Work request: Find the string "veículo" in the data, and copy out each line that has it.

--------------------------------------------------

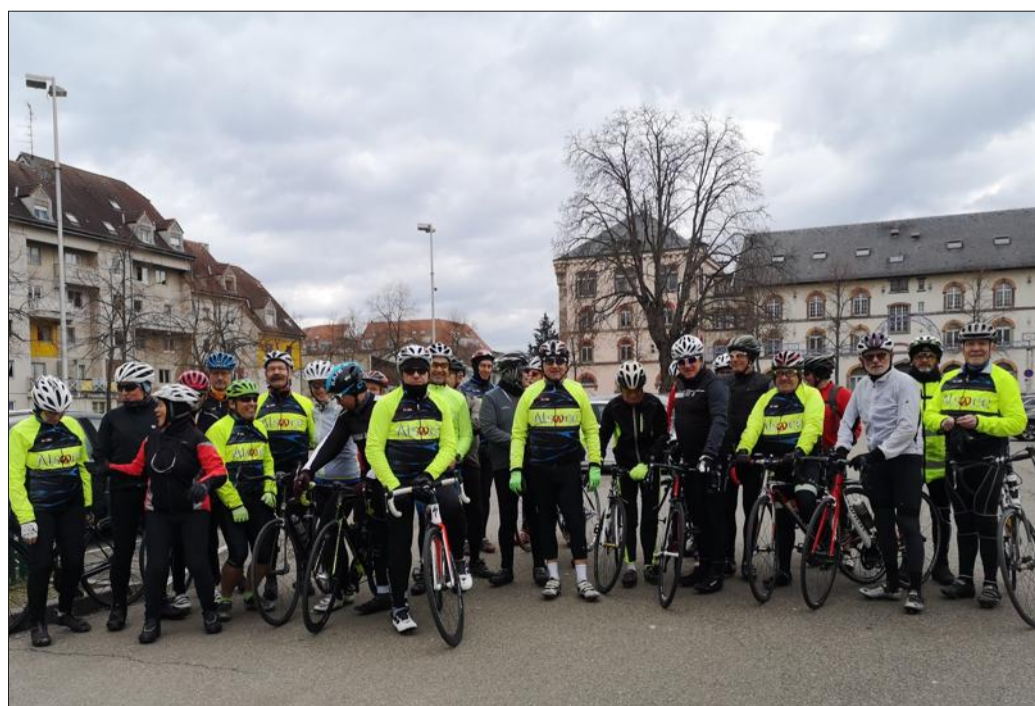
Une mise en jambes en vue du prochain voyage en Toscane.

Environ 40 cyclos ont bravé le Covid-19 et ont participé en trois groupes d'allure à cette randonnée.
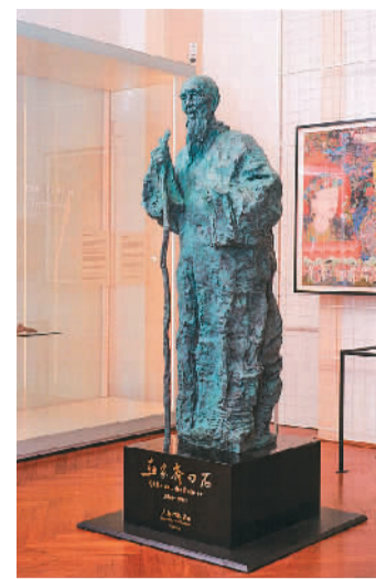
画家齐白石（雕塑）吴为山 维也纳世界博物馆藏

除了代表性的版画作品，美术日记也是此次展览的亮点之一。很长一段时间，美术日记都是李平凡创作的主要方式。他以线条和色彩替代文字，在纸上记录生活中的点点滴滴，为平凡生活赋予诗情画意。穿梭于这些尺幅不大的精美小品中，观众亦可以感受到生活的暖意和平凡而隽永的美。
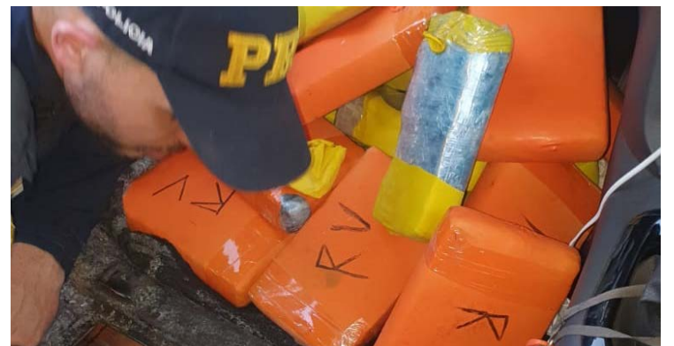
Droga encontrada no veículo apreendido

Durante uma abordagem da polícia, o carro recebeu ordem de parada porque a criança era transportada sem utilizar o dispositivo de retenção. Na fiscalização, os agentes encontraram cerca de 52 quilos de pasta base e de cloridrato de cocaína, escondidos nas partes ocultas do veículo. O casal então foi preso e encaminhado à Central de Flagrantes local.

--------------------------------------------------

Solved exercise:
Droga encontrada no veículo apreendido
Durante uma abordagem da polícia, o carro recebeu ordem de parada porque a criança era transportada sem utilizar o dispositivo de retenção. Na fiscalização, os agentes encontraram cerca de 52 quilos de pasta base e de cloridrato de cocaína, escondidos nas partes ocultas do veículo. O casal então foi preso e encaminhado à Central de Flagrantes local.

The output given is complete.